→ **Available data**
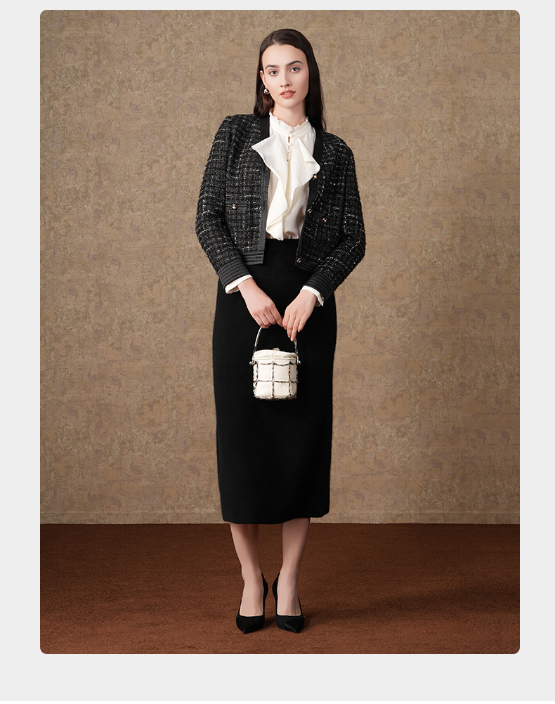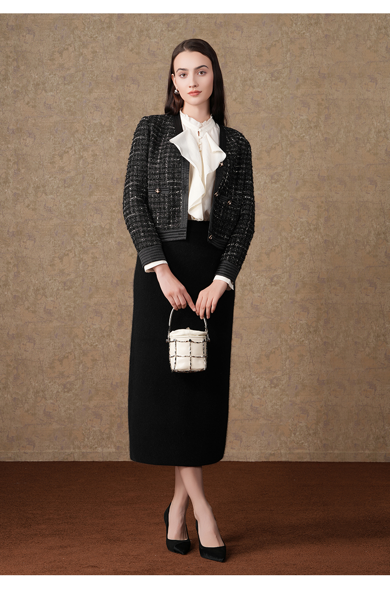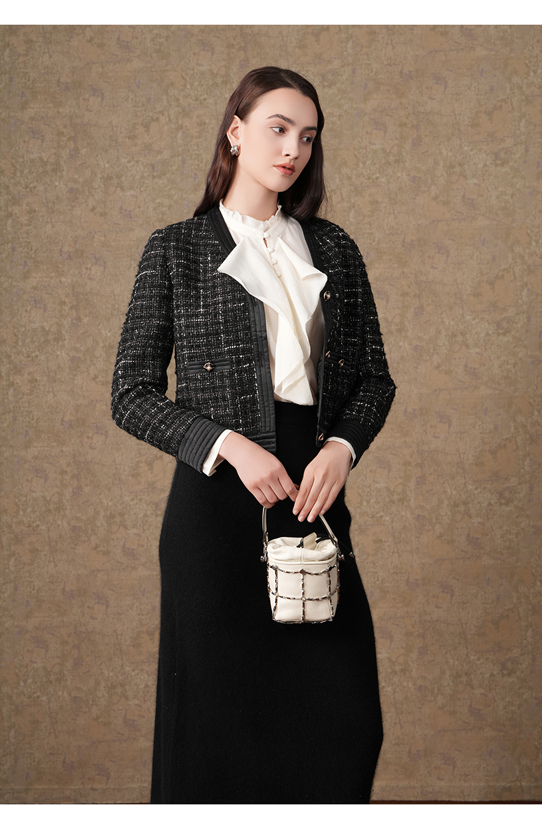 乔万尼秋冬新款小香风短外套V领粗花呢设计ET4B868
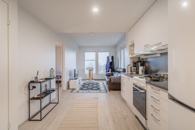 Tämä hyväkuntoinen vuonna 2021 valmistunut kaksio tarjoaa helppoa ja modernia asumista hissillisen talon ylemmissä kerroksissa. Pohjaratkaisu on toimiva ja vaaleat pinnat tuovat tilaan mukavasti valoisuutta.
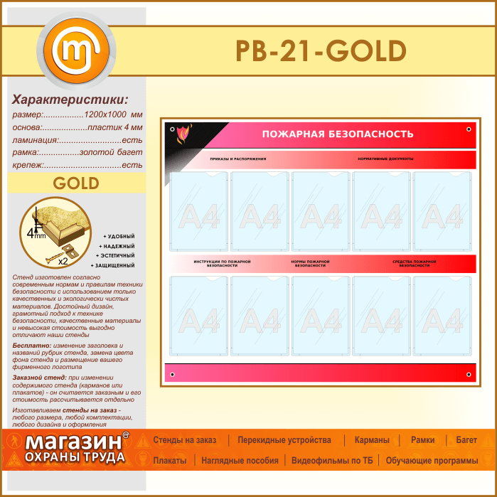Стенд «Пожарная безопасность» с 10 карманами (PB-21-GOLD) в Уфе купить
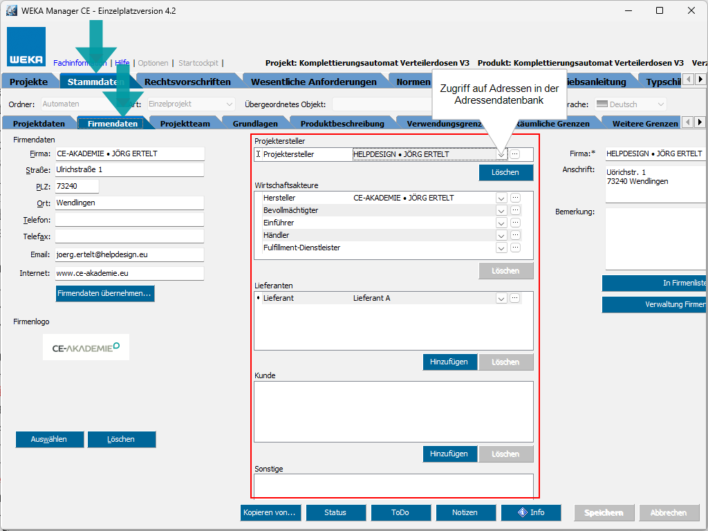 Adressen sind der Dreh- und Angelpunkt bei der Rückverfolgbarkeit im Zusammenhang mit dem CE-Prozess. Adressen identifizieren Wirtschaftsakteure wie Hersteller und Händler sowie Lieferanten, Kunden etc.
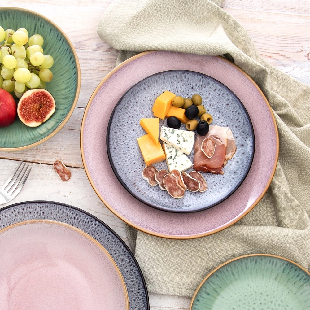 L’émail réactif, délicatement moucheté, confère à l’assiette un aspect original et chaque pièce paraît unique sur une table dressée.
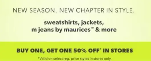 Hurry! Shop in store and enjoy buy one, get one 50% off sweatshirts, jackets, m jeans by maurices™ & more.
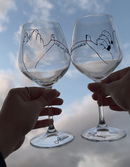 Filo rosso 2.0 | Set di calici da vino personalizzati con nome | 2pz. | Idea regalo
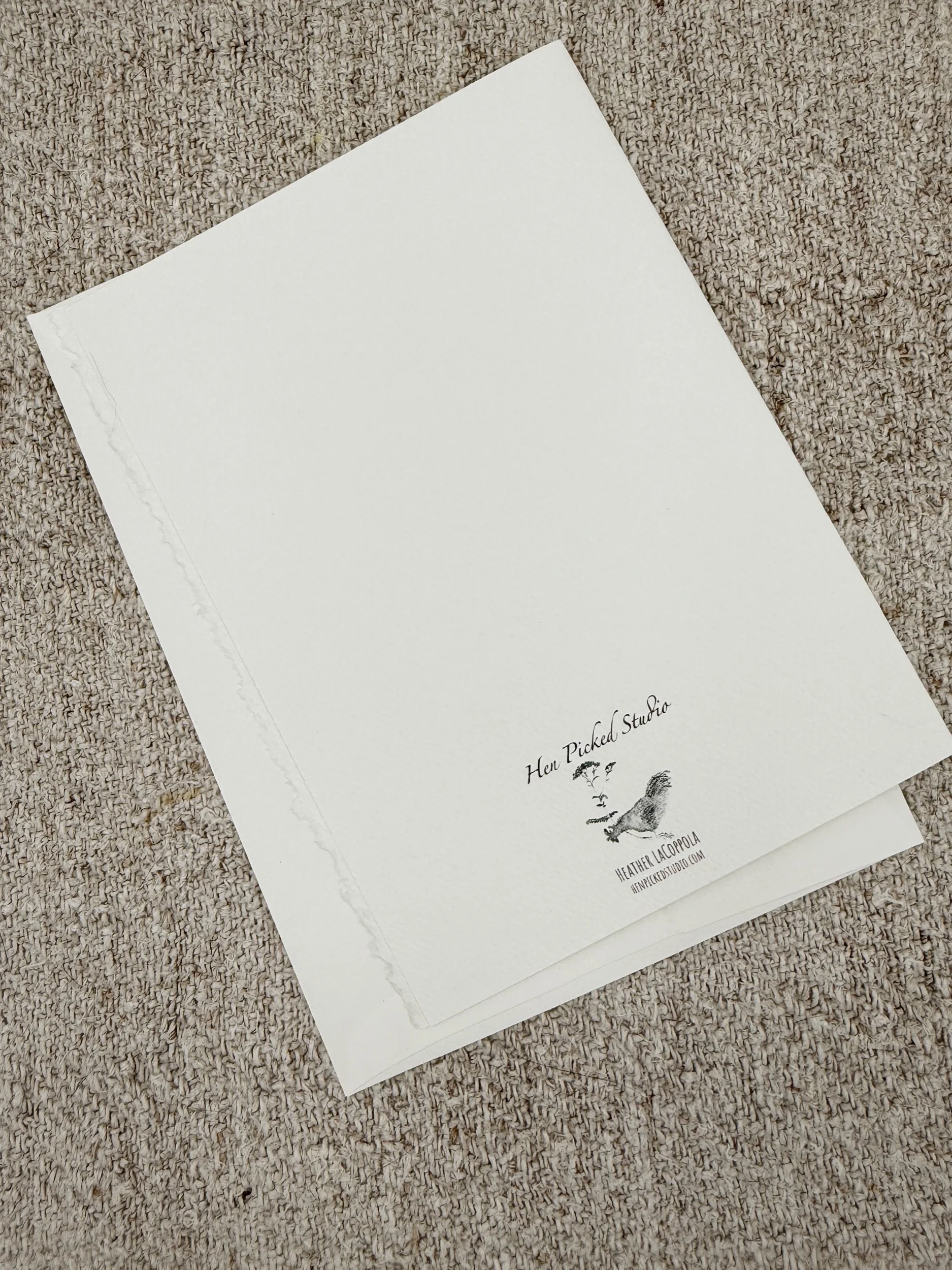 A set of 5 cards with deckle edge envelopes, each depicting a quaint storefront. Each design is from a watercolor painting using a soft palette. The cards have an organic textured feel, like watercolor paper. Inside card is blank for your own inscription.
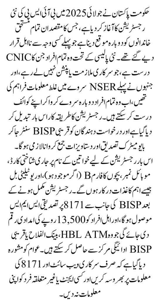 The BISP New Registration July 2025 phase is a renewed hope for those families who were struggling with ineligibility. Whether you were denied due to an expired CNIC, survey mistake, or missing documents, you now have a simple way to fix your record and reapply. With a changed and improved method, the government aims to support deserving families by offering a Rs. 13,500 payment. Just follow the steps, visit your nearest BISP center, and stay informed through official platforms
---
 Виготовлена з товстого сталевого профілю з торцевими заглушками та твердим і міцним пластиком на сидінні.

→ **Assigned task**
Look above for the line containing "乔万尼秋冬新款小香风短外套V领粗花呢设计ET4B868", then copy exactly from it through the line containing "Adressen sind der", keeping both and leaving out pictures. Add nothing else.

→ **Response to this task**
 乔万尼秋冬新款小香风短外套V领粗花呢设计ET4B868
 Tämä hyväkuntoinen vuonna 2021 valmistunut kaksio tarjoaa helppoa ja modernia asumista hissillisen talon ylemmissä kerroksissa. Pohjaratkaisu on toimiva ja vaaleat pinnat tuovat tilaan mukavasti valoisuutta.
Стенд «Пожарная безопасность» с 10 карманами (PB-21-GOLD) в Уфе купить
 Adressen sind der Dreh- und Angelpunkt bei der Rückverfolgbarkeit im Zusammenhang mit dem CE-Prozess. Adressen identifizieren Wirtschaftsakteure wie Hersteller und Händler sowie Lieferanten, Kunden etc.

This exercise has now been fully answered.